Go ahead, stop and ask yourself what language you might unconsciously use to denigrate a group of people–and do it casually, like it’s really no big deal. Because it’s so a part of most of us we don’t hear it or see it.
As a child the rhyme, Eeny, meeny, miny, moe, Catch a–the object of which my mother changed to tiger. I don’t know when. But I said the original. I didn’t know what I was saying, but I SAID THAT while playing a game! Now it horrifies me.
It was part of the culture, inbred in daily living. Life without thought. Ignorance. Did I ever stop to ask myself why I said these things? No. Did my white body prevent me from digging through decades of pre-judgment–from seeing clearly that some of my choices smacked of fear? Yes. And then finally I asked myself why?
Because it was ingrained from my ancestors, forebears or the populace that came before me. They handed me a well-crafted picture–just handed it over and said:”Here, believe this, because this is how it is for you and how it will always be.” Were they good and loving people? Mostly, yes. Were they the product of the times, the whispered words, the judgments. Yes, definitely. And Christians also.
Separation. Fear. Build a wall–like don’t drive there after dark; don’t shop there. Don’t take the bus.
My husband took the bus to college through those neighborhoods. NEVER had an incident.
Thank God for NOW because my grandchildren would ask WHY NOT TAKE THE BUS? And since reading BETWEEN THE WORLD AND ME, these phrases, these tossed off and accepted ideas that are so much a part of the nomenclature stand out in my mind like darts of poison–because I am part of this. So what can I do when my policeman relative tosses it off so casually? Try to understand and yet know I cannot change him; arguments take me nowhere. But my black brother-in-law from South Africa, he gets it. He and my sister-in-law have experience DWB–driving while black.
I taught in a school with a diverse population (one of the best things that ever happened to me). But even so, I brought with me some pre-conceived ideas. My friend Linda M. helped wake me up. Told me, WE NEED TO SHARE THE LAND. Yes.

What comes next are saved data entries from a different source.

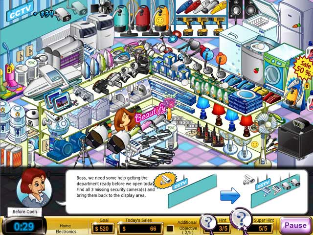 Shop-n-Spree is a unique blend of Hidden Object and Time Management gameplay. When a shopping super-center lumbers into town, it`s up to you to save the ailing family business! Keep your customers satisfied with great service and exciting upgrades or they just might take their business elsewhere. Endless aisles of supermarket seek and find fun with a variety of mini-games await you! Grab Shop-n-Spree today and get down to business! - Shop-n-Spree
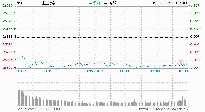 摘要: 10月27日消息,美股周二小幅收高。投資者聚焦美國大型科技股的財報與美國經(jīng)濟數(shù)據(jù)。今日開盤,恒生指數(shù)低開0.93%,隨后跌幅擴大。截至收盤,恒生指數(shù)跌1.57%,
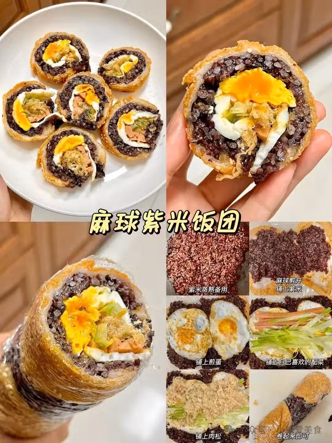 紫米包肉鬆鹹蛋黃,外層滾滿芝麻油炸。外脆里糯還能拉絲,一口下去靈魂都顫了顫——就是熱量炸彈炸得我錢包比體重先縮水。嗚嗚嗚~
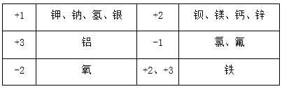 一价钾钠氢与银,二价钙镁钡与锌,三价金属元素铝;
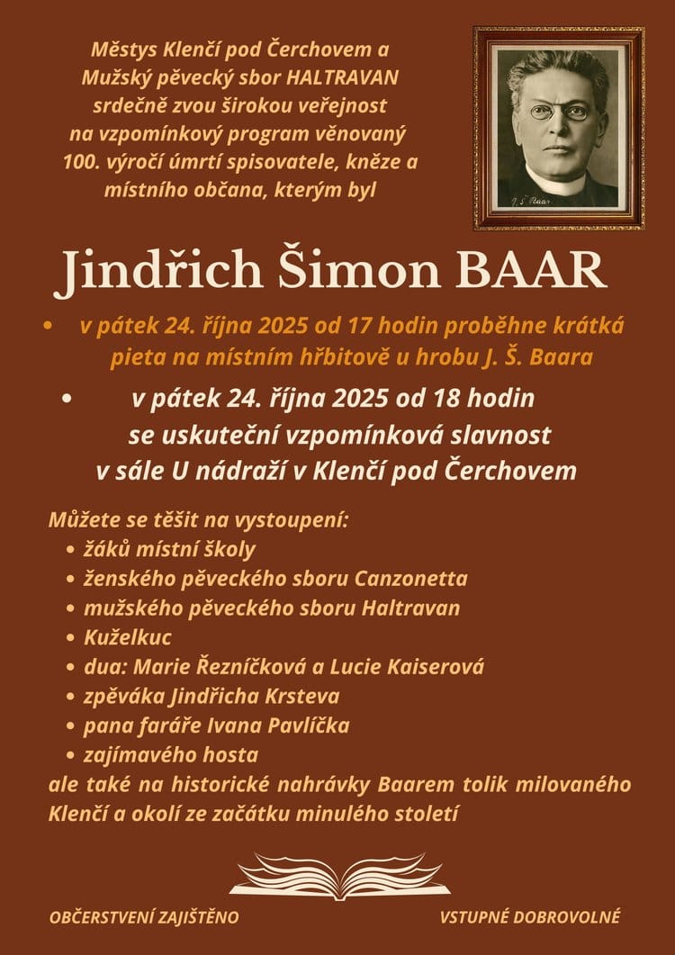 V pátek 24. října 2026 uplyne přesně 100 let od úmrtí českého katolického kněze, básníka a spisovatele Jindřicha Šimona Baara. Po krátké pietě, která proběhne od 17 hodin na hřbitově v Klenčí pod Čerchovem, kde je slavný rodák a občan Klenčí pohřben, je od 18 hodin připravena v kulturním sále vzpomínková slavnost. Srdečně zveme všechny příznivce historie, literatury a místní tradice!
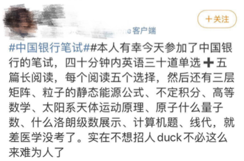 最早登上热搜的中国银行笔试分为亚洲、澳洲两个场次,考试内容涉及洛朗级数展式、卷积神经网络、DES加密算法、天体运动、卡方检验、粒子静态能源公式、《凡尔赛和约》、机械图纸、现代主义诗人等多学科领域知识。考生们甚至抱怨,不想招人也不必如此难为人。
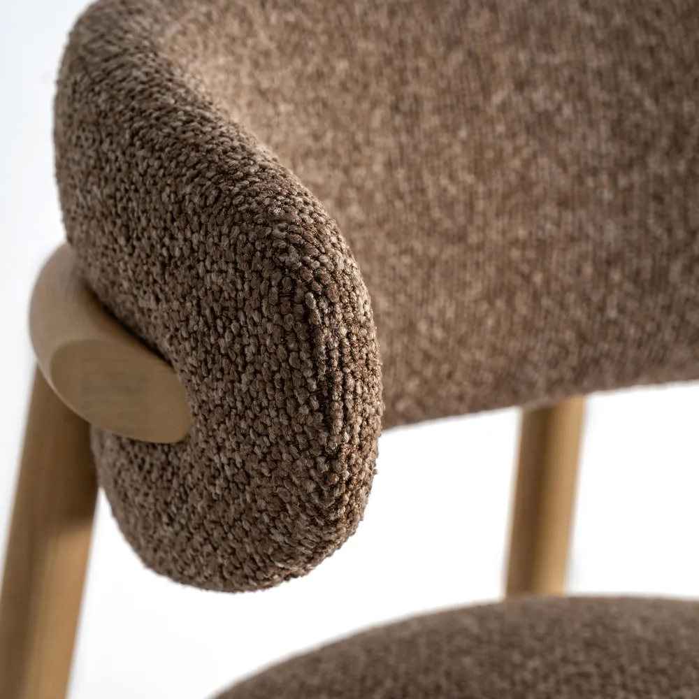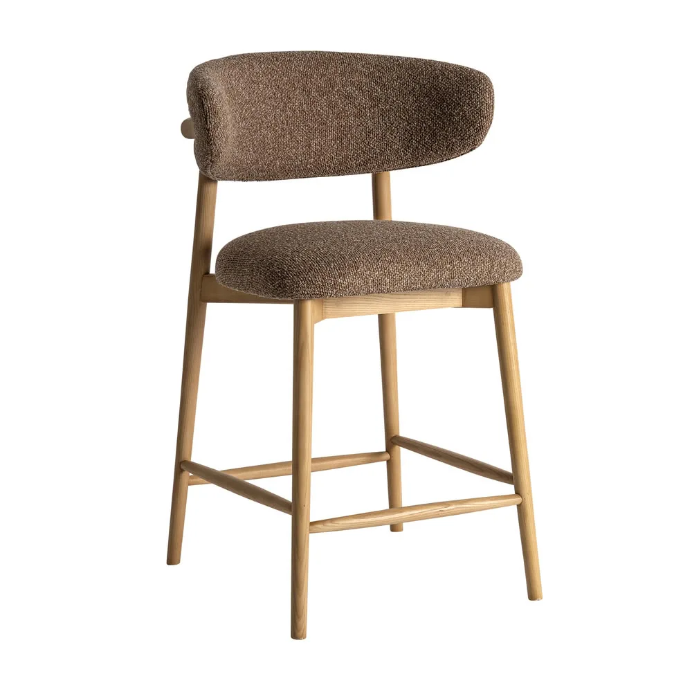 Taburete de diseño contemporáneo, tapizado en poliéster topo y sostenido por una estructura de fresno marrón que aporta estabilidad y calidez. Su respaldo envolvente y su altura lo convierten en una pieza cómoda y elegante para cocinas, barras y espacios modernos.

And not just share a dying neighborhood or a crumbling public housing building. See how they trash everything? I cringe even typing those words, but this is what we hear, this is in the language. We need to wake up and challenge it, never make general assumptions. Or at least try to discern WHY some things happen as they do.

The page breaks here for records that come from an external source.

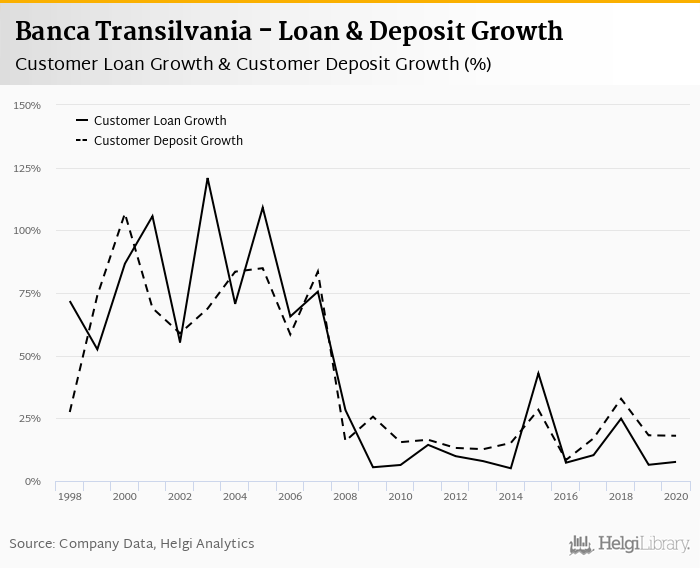 Banca Transilvania's customer loan growth reached 7.63% in 2020, up from 6.47% compared to the previous year. Historically, the bank’s loans growth reached an all time high of 121% in 2003 and an all time low of 5.07% in 2014. In the last decade, the average annual loan growth amounted to 13.2%.
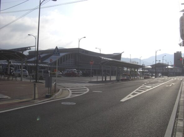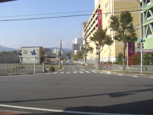 駅前から南の道、正面が 亀山城址 駅前の交差点、清阪街道の起点
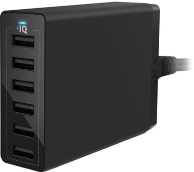 • Anker PowerPort 6 multi-port USB-A oplader (sort)
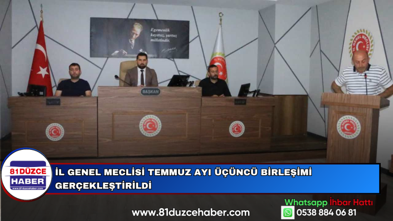 Düzce İl Genel Meclisi’nin Temmuz ayı toplantılarının üçüncü birleşimi, Meclis Başkanı Fazlı Koç başkanlığında İl Genel Meclis Toplantı Salonu’nda yapıldı.
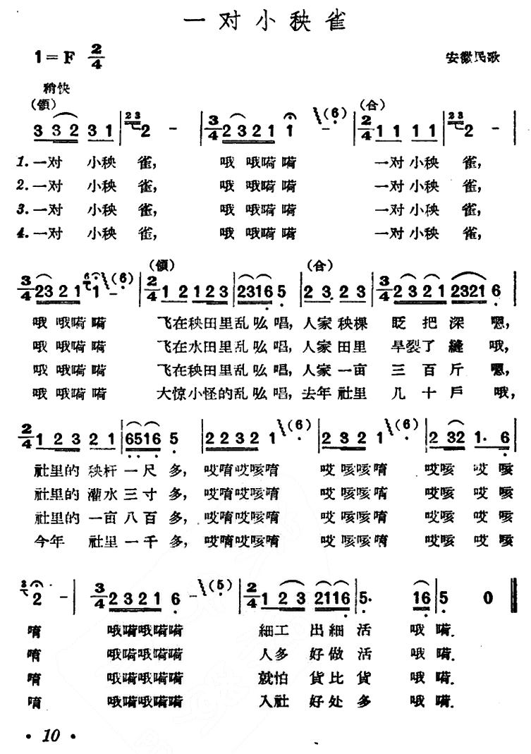《一对小秧雀(安徽民歌)》简谱
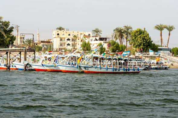 No horário combinado, passaremos para buscá-lo no seu hotel ou cruzeiro em Luxor e iremos ao porto da cidade. Lá, subiremos em uma faluca, uma embarcação egípcia típica, e seguiremos rumo à Banana Island.

My older daughter’s master’s thesis in Urban Planning was on the rationale behind the housing projects in Chicago–many of which have been torn down, thank God, some of which remain. I read portions of her reference books and they pointed to a major fact: a human being needs to have a say, to identify with a dwelling, a doorway, a garden. That builds pride, leads to care. Pushed in one direction without agency in choice blocks attachment. Ever read RAISIN IN THE SUN? Ever think about living in a building 20 stories high with no sunlight in the stairwell, one or two windows lighting your abode and no ability to step outside on a deck or a patio to feel the sun on your face? Sounds a bit like a prison. It was.
We whites think we have struggled for safety. Here is Coates: To survive the neighborhoods and shield my body, I learned another language consisting of a basic complement of head nods and handshakes. I memorized a list of prohibited blocks. I learned the smell and feel of fighting weather…I recall learning these laws clearer than I recall learning my colors and shapes, because these laws were essential to the security of my body.

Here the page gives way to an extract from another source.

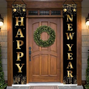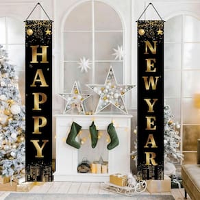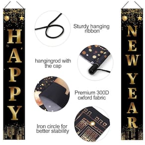 Decorações de Feliz Ano Novo - Material de qualidade: nossa faixa de Feliz Ano Novo 2025 é feita de tecido Oxford 300D de alta qualidade, garantindo durabilidade e robustez para suas celebrações festivas. - Tamanho grande e reutilizável: Medindo aproximadamente 180 cm x 30 cm, este banner de decoração de Ano Novo é perfeito para decorações internas e externas. Seu design robusto permite fácil armazenamento e uso repetido por muitos anos. - Fácil de usar: pré-montado, este banner de varanda de ano novo pode ser pendurado sem esforço em paredes, quintais, portas da frente ou garagens. Com dois ilhós na parte inferior, você pode prendê-lo com pesos para evitar que ele sopre com o vento. - Perfeito para oportunidades de foto: ilumine suas festividades de Ano Novo com nosso luxuoso banner preto e dourado "Feliz Ano Novo", tornando-o um acessório ideal para capturar inúmeras fotos memoráveis durante suas celebrações. - Crie uma atmosfera alegre: Transforme seu espaço em um ambiente animado de véspera de Ano Novo com nossa faixa de Feliz Ano Novo. Que o Ano Novo lhe traga felicidade, paz e prosperidade. Desejamos a você um feliz 2025!
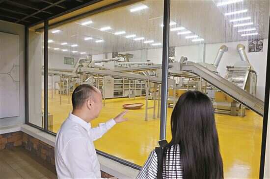 ■英九庄园副总经理吴镜文介绍全国首条自动化、标准化、规模化英红九号智能生产线。 |

Coates emphasizes his fear that someone will destroy his body because he is black–and for no other reason. Thus he references the firm and physical discipline of his parents.The LESSON that all black mothers and fathers teach their children: avoid the police when walking the streets. Be careful. Watch yourself. Your life depends on it.
What thoughts went through your mind, Dear Reader, when you saw a black mother scolding her child in a store, or pulling that child toward her? Negative right? Now read this from Coates as he addresses his son:
Now I understood it all…black people love their children with a kind of obsession. You are all we have, and you come to us endangered. I think we would like to kill you ourselves before seeing you killed by the streets that America made. That is a philosophy of the disembodied,of a people who control nothing, who can protect nothing, who are made to fear not just the criminals among them but the police who lord over them with all the moral authority of a protective racket. It was only after you that I understood this love, that I understood the grip of my mother’s hand. She knew that the galaxy itself could kill me, that all of me could be shattered and all of her legacy spilled upon the curb like bum wine. And no one would be brought to account…because my death would not be the fall of any human but the fault of some unfortunate but immutable fact of “race”…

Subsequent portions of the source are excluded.